Influence of the amino acid differences between the hemagglutinin HA1 domains of influenza virus H1N1 strains on their reaction with antibody.

For influenza H1N1 strains, including some of their escape variants, the association of amino acid differences located at their hemagglutinin HA1 domains with their antigenic relationship was examined. The antigenic relationship was recorded in terms of the ratios of hemagglutination inhibition (HI) titers, the concentration of antibody molecules recognized by the virus, and the equilibrium constant of epitope-paratope interaction determined with heterologous virus compared to that found with homologous virus. The HI titers of antisera were found to depend primarily on the concentration of antibody molecules recognized by the virus and much less on the equilibrium constants. The avidity of antibody in sera raised against historically later strains with earlier strains was higher than vice versa.
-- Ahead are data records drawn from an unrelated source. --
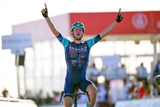 No entanto, o piloto do Bahrein recusou-se a desistir nos quilómetros finais até à meta. e permaneceu bravamente para vencer. E por isso está liderando a competição. Foi a sua primeira vitória desde que venceu o GC no Tour de Luxemburgo em 2024 e a primeira vez que ergueu a arma no ar em mais de três anos.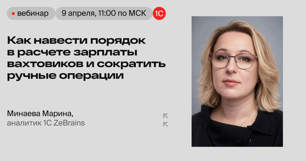 До 80% ручных операций в расчете зарплаты вахтовиков можно сократить благодаря правильной автоматизации в 1С. Учет при вахтовом методе особенно сложен: нужно точно отражать графики работы, время отдыха, междувахтовые периоды, удержания за питание и начисления, чтобы избежать ошибок и переплат. На вебинаре покажем, как выстроить эти процессы в 1С, упростить работу расчетных групп и сделать расчет зарплаты понятным и корректным.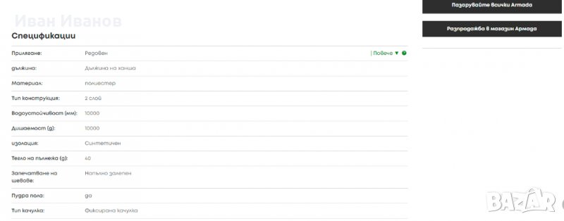 Цена в сайта на марката около 300 лева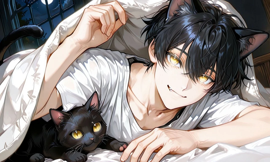 당황한 당신과 달리 남자는 여유롭게 이불을 끌어당기고 고개를 묻은 채 다시 눈을 감는다. 말을 꺼내려던 순간, 그의 검은 머리 위로 짐승의 귀가 살며시 고개를 내민다. 그가 내쉬는 숨결에 따라 귀는 쫑긋거리며, 이불 너머로는 윤기 나는 검은 꼬리가 살짝 삐져나온다. 믿기 힘든 광경에 심장이 뛰지만, 동시에 방 안에는 알 수 없는 정적이 감돈다.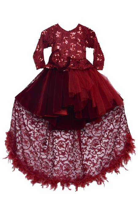 Maroon sequin embellished flared dress with floral motifs all over & overlay detail.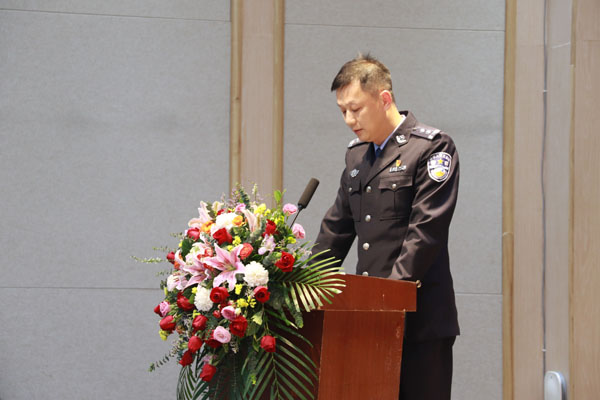 表彰環(huán)節(jié)過后,市公安局治安警察支隊(duì)副支隊(duì)長陳黎明在會(huì)議發(fā)表了講話,他對協(xié)會(huì)第二屆會(huì)員大會(huì)的順利召開和受表彰的單位、個(gè)人表示衷心的祝賀,同時(shí)他也肯定了協(xié)會(huì)四年來所做的貢獻(xiàn),并對協(xié)會(huì)和各保安從業(yè)單位提出了加強(qiáng)行業(yè)協(xié)會(huì)自身建設(shè)、加強(qiáng)保安服務(wù)的企業(yè)建設(shè)、加強(qiáng)保安行業(yè)的基礎(chǔ)建設(shè)等方面的工作意見和殷切期望。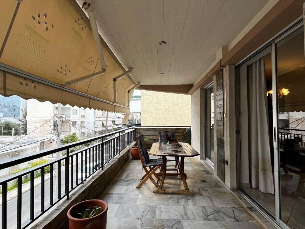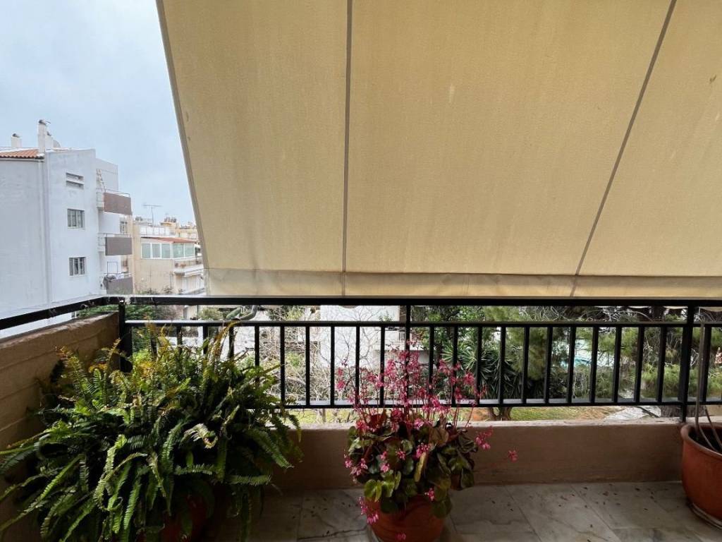 GLYFADA – apartment for sale, 92 sq.m., 2nd floor, built in 1985 The property consists of a spacious living room with dining area, a kitchen, one bathroom, one WC, and two bedrooms. It is front-facing, very bright, dual-aspect, and features a large veranda and balconies. Additional features include a pilotis parking space, a basement storage room, autonomous oil heating, aluminum window frames, a security door, awnings, and wooden and tiled flooring. It is located in an excellent area, just 1,000 meters from the Elliniko metro station, close to supermarkets, restaurants, cafés, banks, etc. It offers an ideal base to enjoy all the advantages of the area. The close proximity to the main shopping district and the Experience Park ensures endless options for activities and leisure, while easy access to the Athenian Riviera makes seaside getaways especially appealing.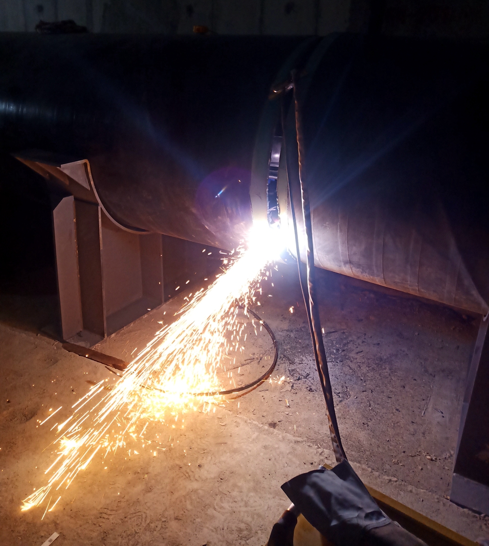 彎頭處的管道,使用等離子切割機(jī)進(jìn)行切割

In contrast to the results obtained with antisera, the same concentration of monoclonal antibody directed to the Sb site of A/Brazil virus was recognized by both heterologous and homologous viruses, and the differences in HI titers observed were due to avidity changes only. Some of the amino acid differences located at each of the antigenic sites were found to be associated with a reduction in the HI titers and in the concentration of antibody molecules recognized by heterologous virus, whereas other differences in addition decreased the avidity of epitope-paratope interaction. Further amino acid differences decreased the avidity only. The strains tested differed also in their amino acids located outside the antigenic sites. However, an influence of these differences on the reaction of virus with antibody could not be evidenced. For the strains tested, the antigenic hemagglutinin drift occurred by reduction of the concentration of antibody molecules recognized by the virus and by avidity changes, which, in turn, were caused by exchanges of some key residues located at the antigenic sites.